If you hang around with graphics geeks, you’ve probably heard of Adobe Photoshop. This is the photo-editing program that has become such a standard that its name is now a verb: “Oh, that tree was messing up the image’s composition, so I Photoshopped it out.” Yes, that Photoshop. Now, Photoshop Elements is descended from Photoshop, with all the power that implies. If I had to guess, I’d say that probably 95% of the work done in Photoshop around the world every day could just as easily be done in Photoshop Elements; the Photoshop features that you won’t find in Photoshop Elements are ones you’re extremely unlikely to miss. Along with a good chunk of Photoshop’s feature set, Photoshop Elements has several features that Photoshop doesn’t: a built-in image cataloger, auto-everything for days when you don’t feel like doing the work yourself, and tons of templates for cool projects that you can make with your images. (And, of course, you don’t need a graduate degree to use it.) For all this, you pay a fraction of the price of Photoshop: $99, as opposed to $649. Cool, huh? On top of that, every time Photoshop gets new features, some of them trickle down to Photoshop Elements, so it just keeps getting better. In fact, if you’ve used Photoshop Elements before, you’ll be amazed at the new features you’ll find in version 6.
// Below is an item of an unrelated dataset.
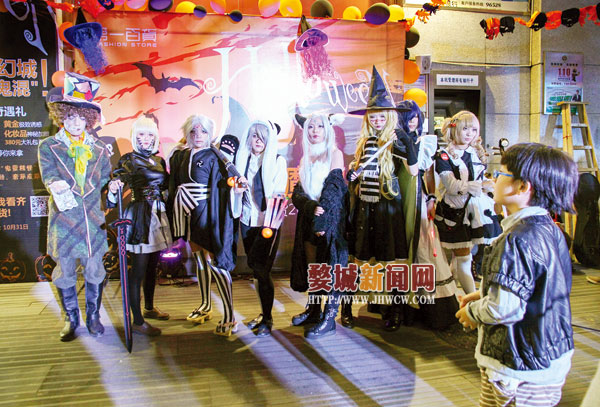 万圣节是西方传统节日,如今,婺城的时尚达人也以自己的方式演绎起了这个洋节日,各式各样的化装舞会、面具Party,让市民感受到了浓郁的西方风情。图为西市街上,一群“鬼灵精怪”展示着cosplay的风采。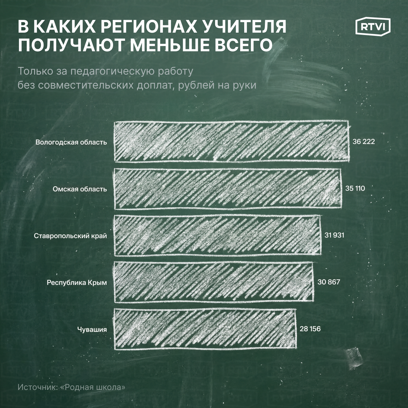 Меньше всего час работы учителя стоит в Ставропольском крае (113 руб. в час при нагрузке в 1,8 ставки), Омской области (120 руб. в час при нагрузке в 1,92 ставки), Чувашии (124 руб. в час при нагрузке в 1,4 ставки), Крыму (135 руб. в час при нагрузке в 1,46 ставки) и Ростовской области (147 руб. в час при нагрузке в 1,88 ставки).

But enough rhapsodizing about the wonders of Photoshop Elements. If you’re reading this book, you’ve probably already decided that you want to learn how to use the program, so let’s move on to some practical information. This hour starts you off with a few places to find help when you get stuck. What kind of help you need depends on what you’re trying to accomplish.

Getting Help

Cropping photos? Adjusting lighting? Publishing web galleries? All of this might sound rather complicated, but there’s no need to worry. Photoshop Elements can help you figure out what to do, whether you can tell a pixel from a pixie stick or not.

Tool Tips

If you know what you want to do, and you have a pretty good idea of how to accomplish it but you haven’t used Photoshop Elements before, tool tips are for you. These look just like the little boxes that pop up over web links, but instead of telling you where a link goes, they tell you what you’re looking at. If you place your cursor over a tool in the toolbox, the tool tip displays its name and its shortcut key. If you stop and hover over an image effect button, you’ll see its name (see Figure 1.1).

The tool tip shown here gives the name of the special effect I’ve just applied to this photo.

Figure 1.1. The tool tip shown here gives the name of the special effect I’ve just applied to this photo.

Be sure to move your cursor around the whole screen; many more parts of the Photoshop Elements work area have tool tips than you might expect. Check palette tabs, buttons, pop-up menus, and anything else you’re curious about.

If you don’t like tool tips—they can be irritating if you don’t need the information they supply—you can turn them off by choosing Edit, Preferences, General. Click the Show Tool Tips check box; click it again to turn tool tips back on.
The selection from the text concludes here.